This shows how a max energy tensor in 3D can be used as a steering filter for selecting or obtaining amplitudes that can then be input for the AVO Intercept and Gradient calculation or to the Seismic Inversion. Hence, the AVO Intercept / Gradient or the seismic inversion will be geologically consistent, and it will follow the contrasts and boundaries in the sub surface geology. As such, the quality and robustness of these AVO analyses and seismic inversion techniques which rely on subsurface contrasts are significantly enhanced. Figures 8B and 8C show traces of filtered amplitudes which are based on the traces of Figure 8A, but in which the Figure 8A amplitudes have been filtered according to the identified vectors 1 , 2. The amplitudes of the original data in proximity to the respective vectors are processed or modified to produce the filtered high amplitudes along the vector in Figure 8B. At data points further away from the vectors, the filtered amplitudes are suppressed versions of the original amplitudes.
As can be seen, the filtered data have a relatively good signal to noise ratio. The filtered data are then used for determining a rock property. For example, a seismic amplitude inversion of the filtered data may be performed for obtaining estimates of S- wave or P-wave velocity. The filtered amplitudes may also provide a better, more robust basis for gradient and intercept determinations according to the Aki-Richards equation. For example, amplitude values from each filtered trace may be selected along the direction of the vector 10 or vector 12 and used to calculate the intercept and gradient. This intercept and gradient can in turn be used to determine a rock property or make LFPs.
Results in the form of Intercept-Gradient cross-plots are provided in Figures 8D and 8E. In Figure 8D, it can be seen the results of the original noisy data, where amplitudes are picked out along the direction of the dipping vector 12. In Figure 8E, results are shown where amplitudes of the filtered data are used, showing much less scattering than in Figure 8D, and providing therefore a more reliable estimate. In Figure 8D, for data with no filter applied, the dot is the data after filter and the triangular is the correct model across the interface. In Figure 8E, the data points after filtering (square) are much closer to the correct model (triangle).
Advantages The method uses information contained in seismic amplitude data relating to geological reflectors for providing better estimates of geological properties.

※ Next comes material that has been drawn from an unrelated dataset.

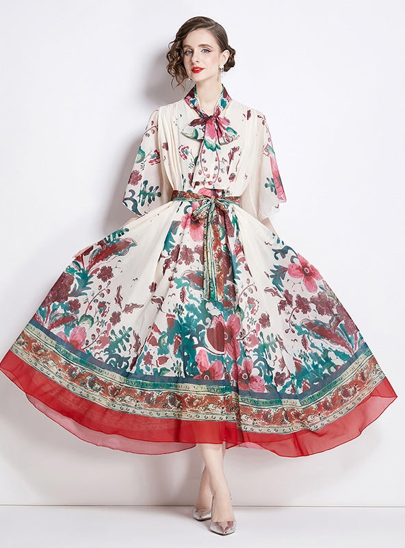Horizon of flora reflects the vast and varied patterns displayed on this exquisite dress. It's a piece that speaks of artistry and attention to detail with its intricate floral prints and color-blocking at the hem, creating a visual feast. The lightweight fabric drapes beautifully, offering an ethereal feel that’s both luxurious and approachable. This dress is perfect for those who appreciate garments that combine functionality with high fashion, offering a belt to cinch the waist for a custom fit. It's an excellent choice for outdoor events, where its colors and design can truly stand out.

The method depends solely on regular reflection seismic in the form of AVO angle gathers or angle stacks. Such data are practically always available in exploration and production settings such that new data is not required; i.e. existing data can be used. In the present method, more accurate predictions of rock properties can be obtained, leading to a better Lithology and Fluid prediction that will give faster model updates, and better well placements and drainage strategy. Greater value from existing data can be obtained. Thus, the determined rock properties may be provided in a drilling process and used to determine where to drill. The determined rock properties may be used to determine the location or character of the reservoir, or to monitor the condition of the reservoir over time, for example as production progresses.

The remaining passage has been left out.